Before touching concurrency or route mode, write down the real target: allowed path patterns, approved fields, stop rule, and dedupe key. In one directory the dedupe key is a normalized profile URL. In another it is host plus profile ID, because category paths are noisy. The rule is the same in both cases: prove a page is new before sending the next request.

Route mode matches the session shape, not the target name

Broad public listing pages can rotate freely. A search-to-profile walk is easier with a sticky session, because the route stays steady while the crawler moves through one public flow. On a Proxynade pool, stickiness lives in the expanded username: add lifetime-<minutes> to hold the exit for that long. A flow that needs twenty minutes on one exit uses lifetime-20. Datacenter lines skip the lifetime token.

Proxy type follows the same logic. If the directory is open and forgiving, datacenter is the first cheap test. Volume Residential ($0.89/GB) covers regional visibility or reputation requirements. Premium Residential ($5.00/GB) is for the slice of the run that is actually burning retries. Static ISP applies only when a stable public route is part of the design — it is pay-per-IP with unlimited bandwidth, so the math only works for long-running fixed-exit tasks.

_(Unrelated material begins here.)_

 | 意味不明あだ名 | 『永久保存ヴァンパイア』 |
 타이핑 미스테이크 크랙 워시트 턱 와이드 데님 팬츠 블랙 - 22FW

Session patternRoute modeProxy type to try first
Public listing pages, full rotationRotating (no lifetime token)Datacenter or Volume Residential
Search-to-profile walkSticky (lifetime-20 or similar)Volume Residential
High-retry segmentSticky or rotating depending on targetPremium Residential
Fixed public route, long-runningStaticStatic ISP

App counters and proxy meters count different things

The application counter tracks accepted profiles and maybe accepted pages. Cost per profile looks tidy. The proxy meter also counts redirects, filtered profiles, blocked pages, duplicate pages, retries, map tiles, image CDNs, and trackers. The dashboard network logs show host, outcome, latency, and byte totals per request. Usage logs export as CSV.

When people say the app is lying, this is the gap they mean. Compare both after each batch, not at the end of the run.

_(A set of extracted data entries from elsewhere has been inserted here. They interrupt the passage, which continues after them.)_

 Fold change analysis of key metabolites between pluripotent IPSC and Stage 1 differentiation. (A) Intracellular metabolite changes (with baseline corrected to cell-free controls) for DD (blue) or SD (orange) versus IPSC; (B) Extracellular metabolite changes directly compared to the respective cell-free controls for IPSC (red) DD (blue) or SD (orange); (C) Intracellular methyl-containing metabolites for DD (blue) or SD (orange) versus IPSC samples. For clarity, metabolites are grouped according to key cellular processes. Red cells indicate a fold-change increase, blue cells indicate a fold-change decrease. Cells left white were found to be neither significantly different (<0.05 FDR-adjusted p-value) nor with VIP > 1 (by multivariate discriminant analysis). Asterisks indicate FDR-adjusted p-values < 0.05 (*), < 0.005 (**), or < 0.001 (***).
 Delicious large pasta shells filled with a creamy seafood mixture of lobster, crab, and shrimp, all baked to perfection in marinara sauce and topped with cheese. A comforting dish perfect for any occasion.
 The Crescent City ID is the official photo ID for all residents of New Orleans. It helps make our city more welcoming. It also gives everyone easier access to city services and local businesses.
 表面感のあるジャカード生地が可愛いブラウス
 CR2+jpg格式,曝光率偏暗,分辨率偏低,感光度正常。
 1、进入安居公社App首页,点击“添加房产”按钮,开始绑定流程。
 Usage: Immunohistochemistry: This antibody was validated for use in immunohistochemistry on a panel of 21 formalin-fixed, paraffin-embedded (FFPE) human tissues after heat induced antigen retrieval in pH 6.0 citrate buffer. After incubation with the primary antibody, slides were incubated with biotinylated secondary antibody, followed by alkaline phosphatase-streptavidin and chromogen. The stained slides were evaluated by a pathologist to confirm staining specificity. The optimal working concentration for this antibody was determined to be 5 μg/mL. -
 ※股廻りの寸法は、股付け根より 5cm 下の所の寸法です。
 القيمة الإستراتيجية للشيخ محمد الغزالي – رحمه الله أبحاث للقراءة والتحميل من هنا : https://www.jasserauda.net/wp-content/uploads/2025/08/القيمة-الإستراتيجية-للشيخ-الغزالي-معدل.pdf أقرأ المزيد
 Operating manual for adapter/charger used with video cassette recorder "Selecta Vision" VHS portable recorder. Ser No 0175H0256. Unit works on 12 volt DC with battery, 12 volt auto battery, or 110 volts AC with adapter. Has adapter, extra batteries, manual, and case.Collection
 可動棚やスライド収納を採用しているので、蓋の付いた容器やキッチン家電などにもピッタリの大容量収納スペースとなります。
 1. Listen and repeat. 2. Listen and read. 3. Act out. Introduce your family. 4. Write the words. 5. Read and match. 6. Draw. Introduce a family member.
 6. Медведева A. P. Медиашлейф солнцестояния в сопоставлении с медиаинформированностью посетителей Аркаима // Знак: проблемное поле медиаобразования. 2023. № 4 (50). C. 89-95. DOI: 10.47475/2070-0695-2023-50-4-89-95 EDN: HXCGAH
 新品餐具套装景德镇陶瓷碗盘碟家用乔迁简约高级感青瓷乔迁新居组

A domain blocklist saves more bandwidth than raising rate limits

If the research never uses map tiles, tracking hosts, widget scripts, or image galleries, block those hosts before raising concurrency. A crawler can behave politely on requests per second while spending most of each page load on files the parser discards.

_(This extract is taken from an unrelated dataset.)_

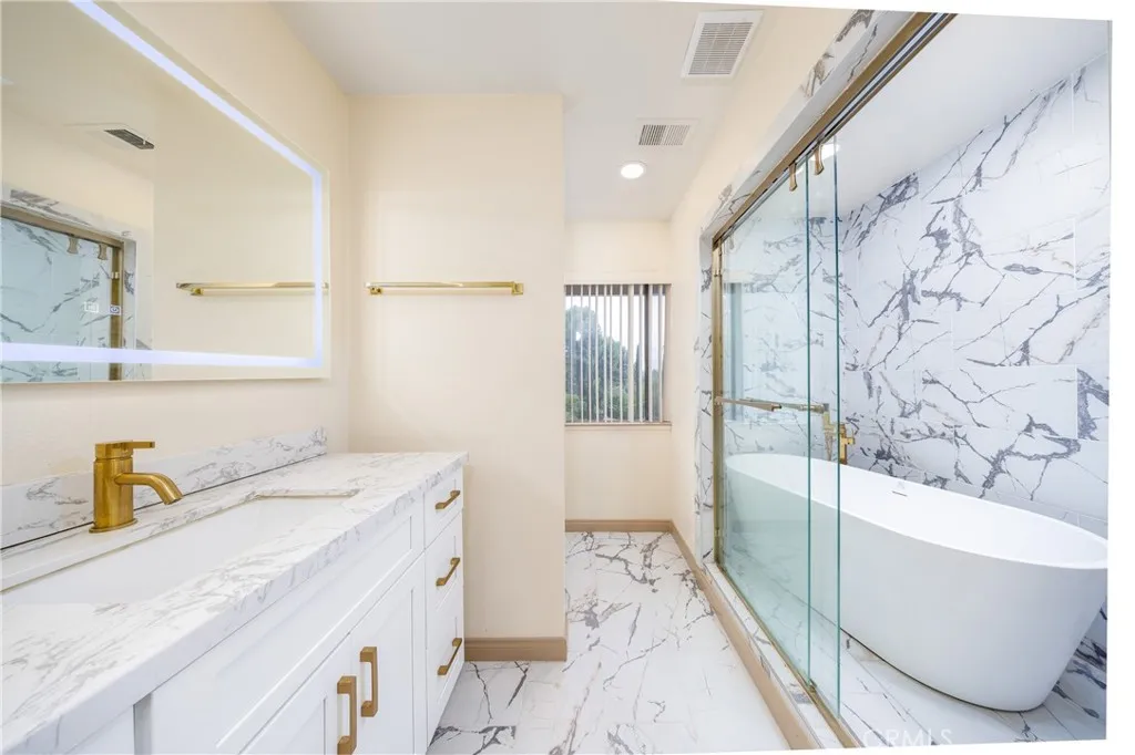 Experience luxury living in the highly sought-after, 24-hour guard-gated community of The Country. This stunning home features 4 spacious bedrooms, an office, a versatile loft, and 4 bathrooms, all thoughtfully designed to provide both comfort and functionality. Situated on an expansive lot with room to expand and stunning views, this property offers elegance with endless possibilities. Step through the impressive double-door entry into a bright and welcoming foyer, highlighted by marble flooring and a striking chandelier. The open living room provides the perfect space for relaxing or entertaining guests. Just a few steps up, you’ll find the formal dining room with its elegant chandelier, leading into the kitchen. The adjacent breakfast nook and family room create a seamless flow, featuring another beautiful marble fireplace and sliding doors that open to a balcony with breathtaking mountain and city light views. The main level includes a luxurious primary suite for added comfort and privacy. Downstairs, you’ll find additional bedrooms and a full bathroom, along with direct access to a second balcony — perfect for enjoying Southern California’s beautiful weather. With recessed ceilings, fresh paint, and abundant natural light throughout, this home offers a warm and inviting atmosphere. Don’t miss your chance to own a piece of this exclusive community — schedule a private showing today!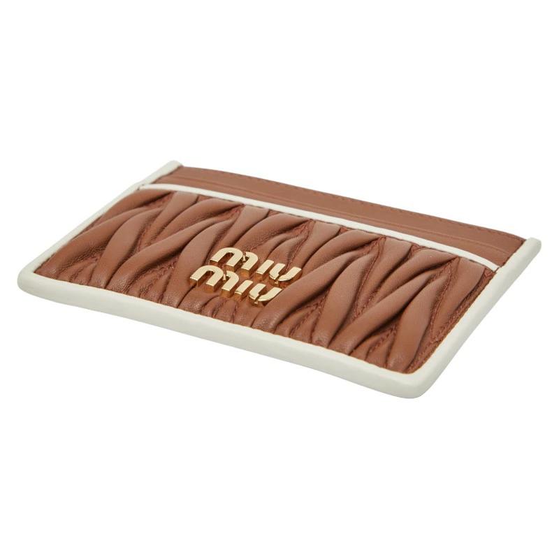 Pre-owned Miu Miu Matelasse card and pass case in brown and white leather. Women's.

Build the blocklist from the first batch. Export the usage log CSV, sort by bytes, and drop the hosts that never appear in accepted records. That list does not change much between runs on the same directory.

Public scope is a run-sheet decision, not a proxy setting

Logins, private profiles, private messages, paywalls, and robots restrictions are boundaries on the run sheet, not routing problems. If a directory marks a section as not available for automated collection, that section stays off the path list. No proxy configuration changes what the run is permitted to collect.

What to keep in the run folder

  • Run sheet: target host, allowed path patterns, approved fields, stop rule.
  • Dedupe key and deduplication method.
  • Route mode and proxy type used.
  • Rate limit set at the start.
  • App bytes and proxy meter bytes after each batch.
  • Accepted profile count per batch.

If numbers look odd after the run, that folder is enough to see whether the crawler drifted, the directory changed structure, or the proxy layer carried exactly the work it was given.